- Rauch Location within Minnesota Rauch Location within the United States
- Coordinates: 47°57′32″N 93°08′45″W﻿ / ﻿47.95889°N 93.14583°W
- Country: United States
- State: Minnesota
- County: Koochiching
- Elevation: 1,283 ft (391 m)
- Time zone: UTC-6 (Central (CST))
- • Summer (DST): UTC-5 (CDT)
- ZIP code: 55771
- Area code: 218
- GNIS feature ID: 654898

= Rauch, Minnesota =

Unincorporated community in Minnesota, United States

Rauch is an unincorporated community in Koochiching County, Minnesota, United States.

The community is located between Togo and Orr at the junction of County Road 75 (CR 75) and State Highway 65 (MN 65).

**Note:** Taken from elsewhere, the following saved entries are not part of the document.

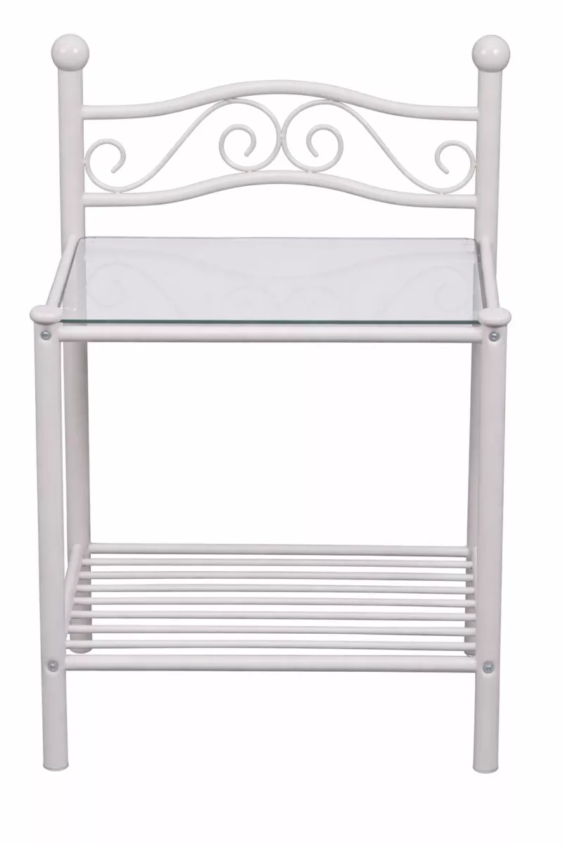 Diese romantische Nachtkonsole im Landhausstil verleiht Ihrem Schlafzimmer eine besonders gemütliche und stilvolle Atmosphäre. Das filigrane Metallgestell in cremeweiß pulverbeschichteter Ausführung sorgt für einen eleganten Vintage-Look und passt perfekt zu klassischen, romantischen oder modernen Landhaus-Einrichtungen.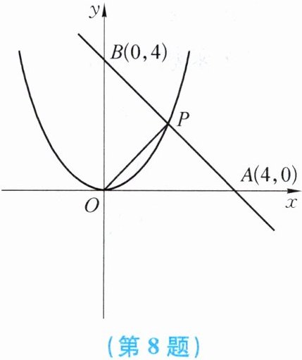 8. 如图,直线 $ l $ 经过点 $ A(4, 0) $ 和 $ B(0, 4) $,它与抛物线 $ y = ax^{2} $ 在第一象限内交于点 $ P $,$ \triangle AOP $ 的面积为 $ \dfrac{9}{2} $. 求 $ a $ 的值.
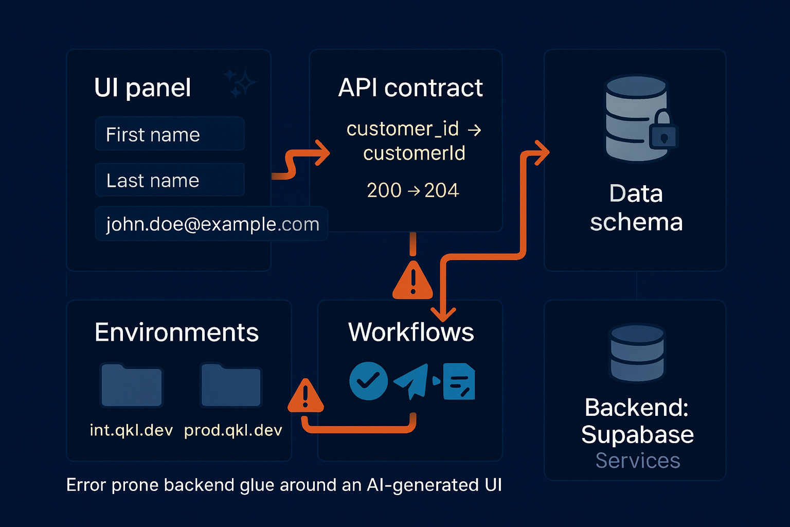 É verdade: hoje a maioria das plataformas de vibe-coding já entrega um backend pronto (muitas com Supabase - auth, Postgres, RLS, storage, functions). Então o problema não é “não ter backend”. É a fiação entre a UI que muda rápido e os contratos do backend quando entra lógica de verdade.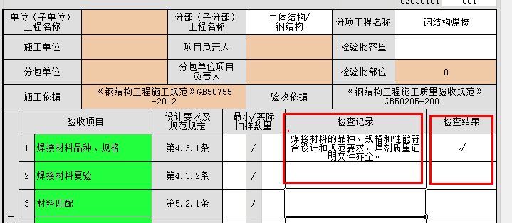 您好!鋼結(jié)構(gòu)專業(yè)里檢驗批批有18個。最好能明確一下具體哪個表。這樣回答才能有針對性。而且檢驗批都是描述性的項目,描述性的項目不管是主控項目還是一般項目,都需要根據(jù)檢查項目要求肯定性的填寫檢查結(jié)果,檢查結(jié)果會有下拉選項,一般選合格就行。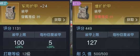 然后就是防具系统,游戏里的防具从头到脚分为多个部位,每个部位和武器一样,也最高到金色品级。每个部位都有多种属性,影响的是角色基础属性,诸如角色的生理状态,移动属性、血量等等。也有专门的改造玩法,可以加入特效芯片,加固配件等等,唯一思路就是评分越高的越好。防具还有个额外系统叫重型军用护甲,简称重甲,这个类似于额外的防弹衣栏,会影响你的护甲上限和恢复,属于战斗专属属性,非常重要,基本上35级以后解锁,都使用金色品级来撑属性。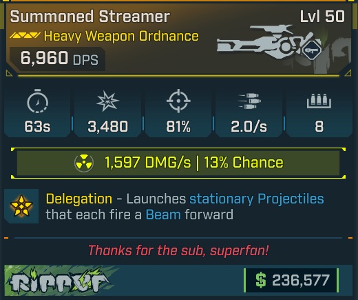 ⭐L50 STREAMER - 6.960 DPS (+1.597 RAD DMG/s) - 63s CD - 81% ACCURACY - 2.0/s FIRE RATE - 8 MAG SIZE⭐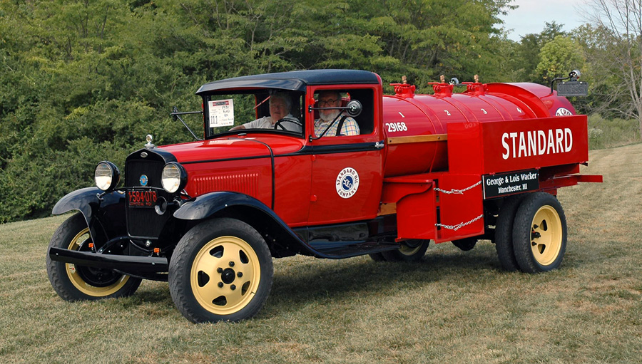 George and Lois Wacker of Manchester, MI own this 1931 Ford Model-A truck. When George was a child, there were very few service stations. George’s father worked for Standard Oil and drove a truck that brought petroleum products to the customer’s house. The truck had four separate tanks to carry four separate products. This arrangement consisted of three 100-gallon tanks and one 150-gallon tank. There was a mechanical counter on the back of the truck that kept track of the purchases in five gallon increments by pulling a chain. George often rode with his father to make the deliveries. “My job as a kid was to pull the chain on the back of the truck,” remarked George. There were also “side cars” on each side of the truck that carried a half-barrel of motor oil. Back then, farmers used thrashers that required motor oil and grease every day. “The farmers would tell my dad where they were going to be and how much oil and grease they needed. He would go daily to meet the thrashing machines, fuel the tractor and bring their motor oil and grease. It was a service station on wheels.” George wanted a truck that was a replica of the one his father drove, which was a Model-A long bed. There are a lot of short bed trucks still around, but the long beds are rare. George found one twelve years ago and then it took him ten years to find a tank. He then restored the truck based on one picture and the memories of a five-year-old. Every effort was made to ensure that every detail was accurate. The truck is a tribute to George’s father and a fascinating insight into the history of trucking. To see more weird and wonderful old trucks, visit www.oldtimetrucks.org today.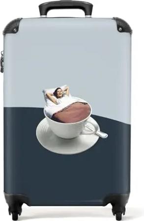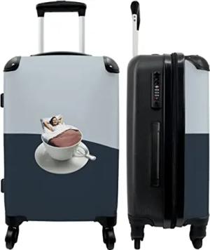 NoBoringSuitcases.com® Koffer Handgepäck Trolley Rollkoffer Kleine Reisekoffer mit 4 Rollen - Abstrakt - Frau - Design - Pastell - 55x35x20cm - Fotokoffer - Kabinenkoffer - Boardgepäck
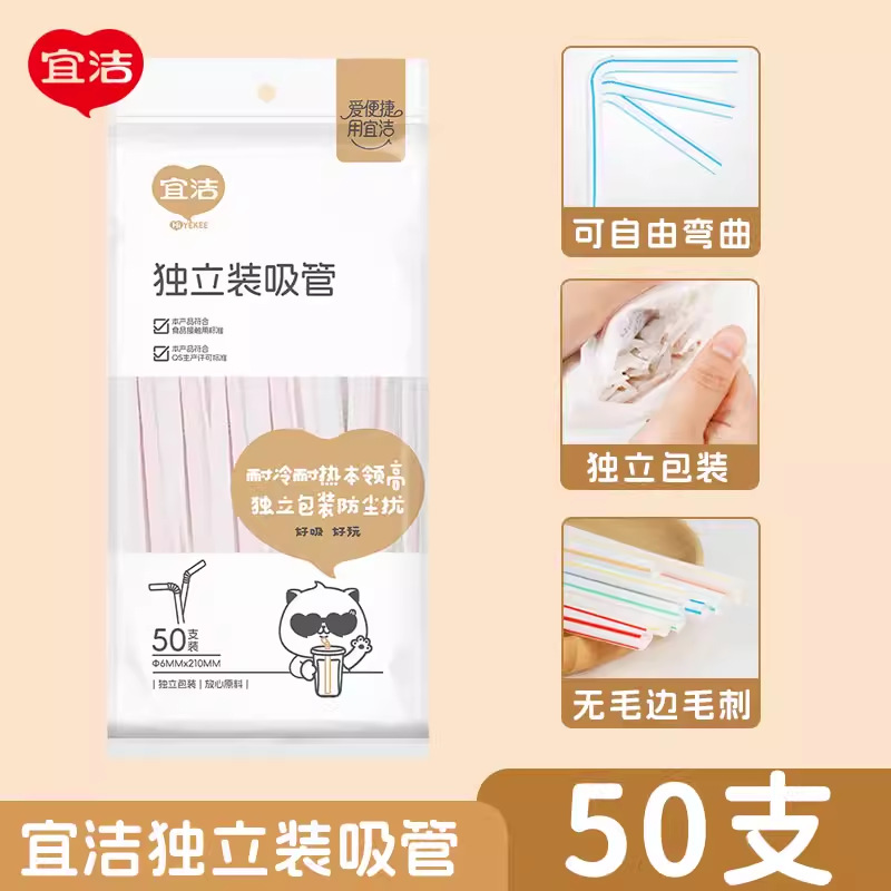 宜潔プラスチック曲げ可能なストレート伸縮ストロー飲料ジュース独立包装使い捨てストロー50匹Y-9912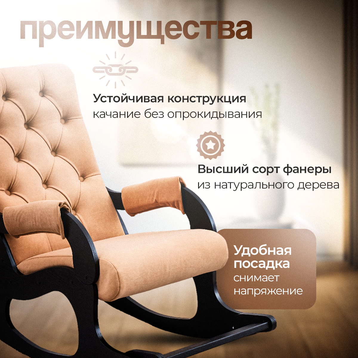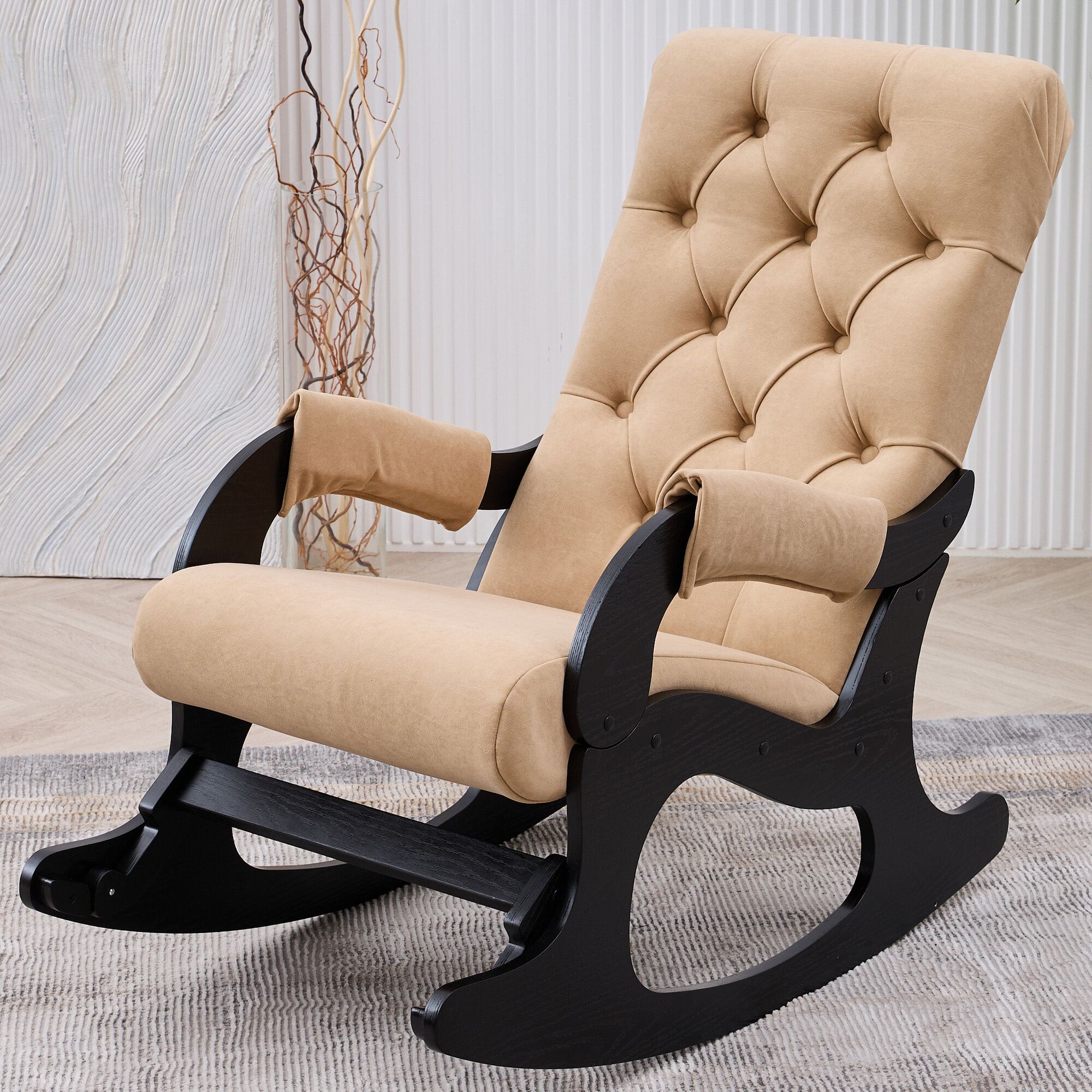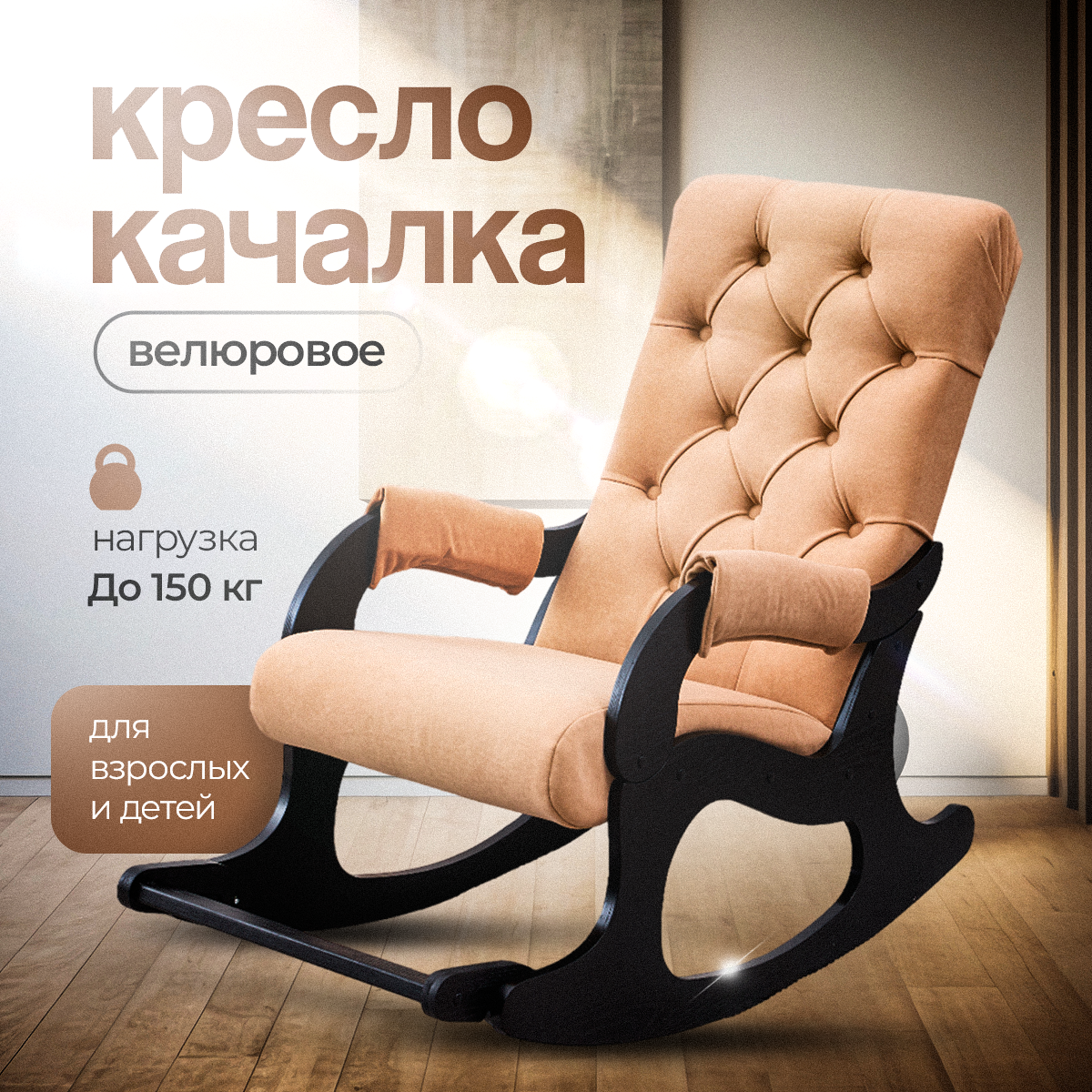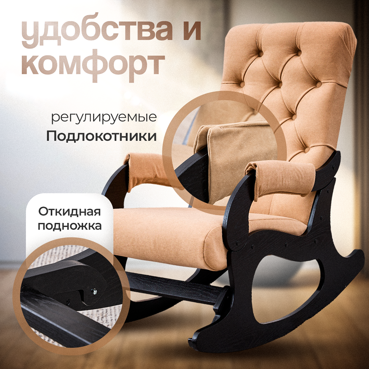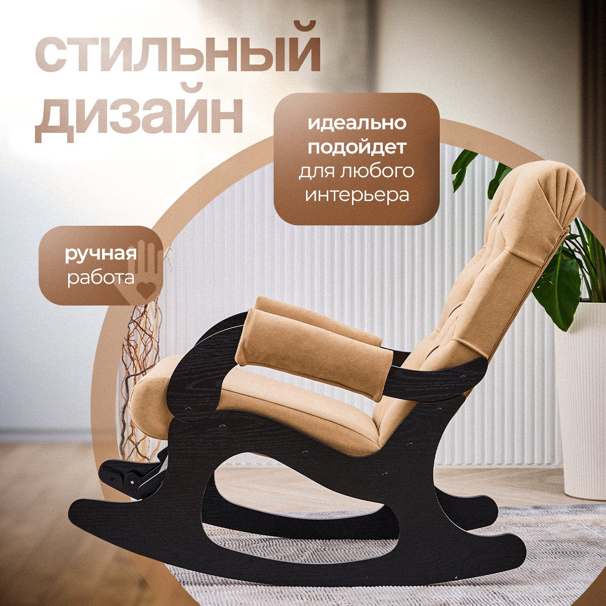 Кресло-качалка AVK "Бисквит Велюр", с подлокотниками, велюр/фанера, песочно-венге интересное:

Rauch is located in the southeast corner of the county. The boundary line between Koochiching, Saint Louis, and Itasca counties is nearby. Rauch is located within ZIP code 55771 based in Orr.

==Geography==
Rauch is located in South Koochiching Unorganized Territory.

Nearby places include Silverdale, Greaney, Celina, Togo, Nett Lake, and Orr. Rauch is located 24 miles southwest of Orr; and 14 miles north of Togo. Rauch is 28 miles northwest of Cook; and 67 miles south of International Falls.

The Little Fork River flows through the community. The Willow River, a tributary of the Little Fork River, is also in the vicinity.